The input.
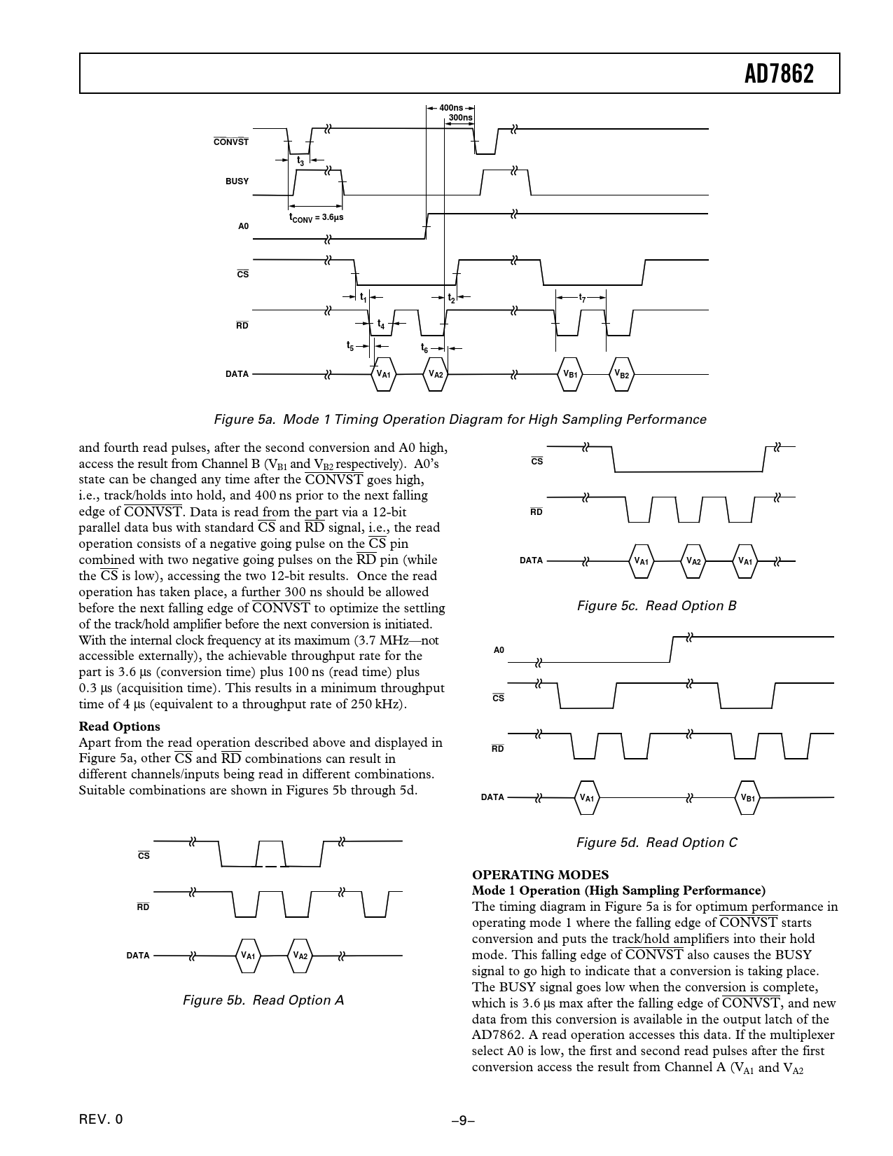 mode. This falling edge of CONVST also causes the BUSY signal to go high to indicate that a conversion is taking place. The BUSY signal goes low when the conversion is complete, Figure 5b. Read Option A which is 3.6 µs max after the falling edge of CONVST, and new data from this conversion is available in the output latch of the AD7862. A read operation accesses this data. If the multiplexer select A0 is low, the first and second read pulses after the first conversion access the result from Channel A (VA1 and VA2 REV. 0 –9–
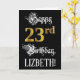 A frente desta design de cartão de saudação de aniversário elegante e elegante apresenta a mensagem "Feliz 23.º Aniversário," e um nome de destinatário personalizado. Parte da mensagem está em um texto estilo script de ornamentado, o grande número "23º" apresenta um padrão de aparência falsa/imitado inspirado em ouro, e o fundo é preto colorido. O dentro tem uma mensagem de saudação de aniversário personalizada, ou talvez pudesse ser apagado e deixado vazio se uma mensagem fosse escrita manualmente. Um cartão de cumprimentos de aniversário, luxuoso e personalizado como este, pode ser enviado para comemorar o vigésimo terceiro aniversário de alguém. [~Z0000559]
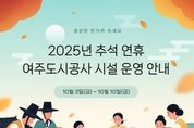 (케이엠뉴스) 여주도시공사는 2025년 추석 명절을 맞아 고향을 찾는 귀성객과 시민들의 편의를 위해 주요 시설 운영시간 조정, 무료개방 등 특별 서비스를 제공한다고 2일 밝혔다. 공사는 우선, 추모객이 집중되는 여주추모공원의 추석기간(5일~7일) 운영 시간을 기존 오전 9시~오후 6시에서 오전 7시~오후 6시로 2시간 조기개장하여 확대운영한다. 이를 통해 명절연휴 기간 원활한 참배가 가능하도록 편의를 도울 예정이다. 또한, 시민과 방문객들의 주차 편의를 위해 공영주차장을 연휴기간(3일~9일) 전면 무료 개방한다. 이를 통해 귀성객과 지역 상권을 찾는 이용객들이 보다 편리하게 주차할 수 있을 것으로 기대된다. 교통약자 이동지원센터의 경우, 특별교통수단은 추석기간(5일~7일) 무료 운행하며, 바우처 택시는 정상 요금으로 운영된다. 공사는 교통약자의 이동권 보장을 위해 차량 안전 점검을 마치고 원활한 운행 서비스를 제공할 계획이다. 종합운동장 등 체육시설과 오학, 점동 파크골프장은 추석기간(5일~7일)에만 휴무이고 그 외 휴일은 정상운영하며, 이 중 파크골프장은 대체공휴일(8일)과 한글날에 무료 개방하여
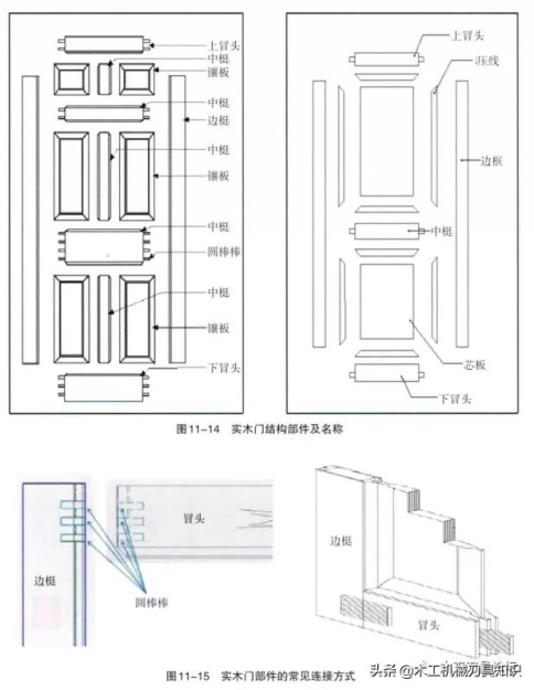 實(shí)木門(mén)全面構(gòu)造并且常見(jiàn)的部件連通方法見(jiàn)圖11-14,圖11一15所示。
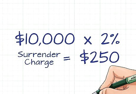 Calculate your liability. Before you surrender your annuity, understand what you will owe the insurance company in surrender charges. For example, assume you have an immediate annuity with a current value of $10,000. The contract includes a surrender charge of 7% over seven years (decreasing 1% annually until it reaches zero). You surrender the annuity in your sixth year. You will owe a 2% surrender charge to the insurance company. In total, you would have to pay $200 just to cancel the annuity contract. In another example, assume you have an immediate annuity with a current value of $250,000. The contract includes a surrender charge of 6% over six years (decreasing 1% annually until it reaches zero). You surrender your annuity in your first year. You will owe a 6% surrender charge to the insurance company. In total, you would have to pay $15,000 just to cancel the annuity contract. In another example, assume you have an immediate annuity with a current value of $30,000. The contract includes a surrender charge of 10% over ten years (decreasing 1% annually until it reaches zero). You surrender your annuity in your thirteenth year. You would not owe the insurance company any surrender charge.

Exercise.
What the answer needs is every record above, exactly as written, and no pictures.

Answer box.
 mode. This falling edge of CONVST also causes the BUSY signal to go high to indicate that a conversion is taking place. The BUSY signal goes low when the conversion is complete, Figure 5b. Read Option A which is 3.6 µs max after the falling edge of CONVST, and new data from this conversion is available in the output latch of the AD7862. A read operation accesses this data. If the multiplexer select A0 is low, the first and second read pulses after the first conversion access the result from Channel A (VA1 and VA2 REV. 0 –9–
 A frente desta design de cartão de saudação de aniversário elegante e elegante apresenta a mensagem "Feliz 23.º Aniversário," e um nome de destinatário personalizado. Parte da mensagem está em um texto estilo script de ornamentado, o grande número "23º" apresenta um padrão de aparência falsa/imitado inspirado em ouro, e o fundo é preto colorido. O dentro tem uma mensagem de saudação de aniversário personalizada, ou talvez pudesse ser apagado e deixado vazio se uma mensagem fosse escrita manualmente. Um cartão de cumprimentos de aniversário, luxuoso e personalizado como este, pode ser enviado para comemorar o vigésimo terceiro aniversário de alguém. [~Z0000559]
 (케이엠뉴스) 여주도시공사는 2025년 추석 명절을 맞아 고향을 찾는 귀성객과 시민들의 편의를 위해 주요 시설 운영시간 조정, 무료개방 등 특별 서비스를 제공한다고 2일 밝혔다. 공사는 우선, 추모객이 집중되는 여주추모공원의 추석기간(5일~7일) 운영 시간을 기존 오전 9시~오후 6시에서 오전 7시~오후 6시로 2시간 조기개장하여 확대운영한다. 이를 통해 명절연휴 기간 원활한 참배가 가능하도록 편의를 도울 예정이다. 또한, 시민과 방문객들의 주차 편의를 위해 공영주차장을 연휴기간(3일~9일) 전면 무료 개방한다. 이를 통해 귀성객과 지역 상권을 찾는 이용객들이 보다 편리하게 주차할 수 있을 것으로 기대된다. 교통약자 이동지원센터의 경우, 특별교통수단은 추석기간(5일~7일) 무료 운행하며, 바우처 택시는 정상 요금으로 운영된다. 공사는 교통약자의 이동권 보장을 위해 차량 안전 점검을 마치고 원활한 운행 서비스를 제공할 계획이다. 종합운동장 등 체육시설과 오학, 점동 파크골프장은 추석기간(5일~7일)에만 휴무이고 그 외 휴일은 정상운영하며, 이 중 파크골프장은 대체공휴일(8일)과 한글날에 무료 개방하여
 實(shí)木門(mén)全面構(gòu)造并且常見(jiàn)的部件連通方法見(jiàn)圖11-14,圖11一15所示。
 Calculate your liability. Before you surrender your annuity, understand what you will owe the insurance company in surrender charges. For example, assume you have an immediate annuity with a current value of $10,000. The contract includes a surrender charge of 7% over seven years (decreasing 1% annually until it reaches zero). You surrender the annuity in your sixth year. You will owe a 2% surrender charge to the insurance company. In total, you would have to pay $200 just to cancel the annuity contract. In another example, assume you have an immediate annuity with a current value of $250,000. The contract includes a surrender charge of 6% over six years (decreasing 1% annually until it reaches zero). You surrender your annuity in your first year. You will owe a 6% surrender charge to the insurance company. In total, you would have to pay $15,000 just to cancel the annuity contract. In another example, assume you have an immediate annuity with a current value of $30,000. The contract includes a surrender charge of 10% over ten years (decreasing 1% annually until it reaches zero). You surrender your annuity in your thirteenth year. You would not owe the insurance company any surrender charge.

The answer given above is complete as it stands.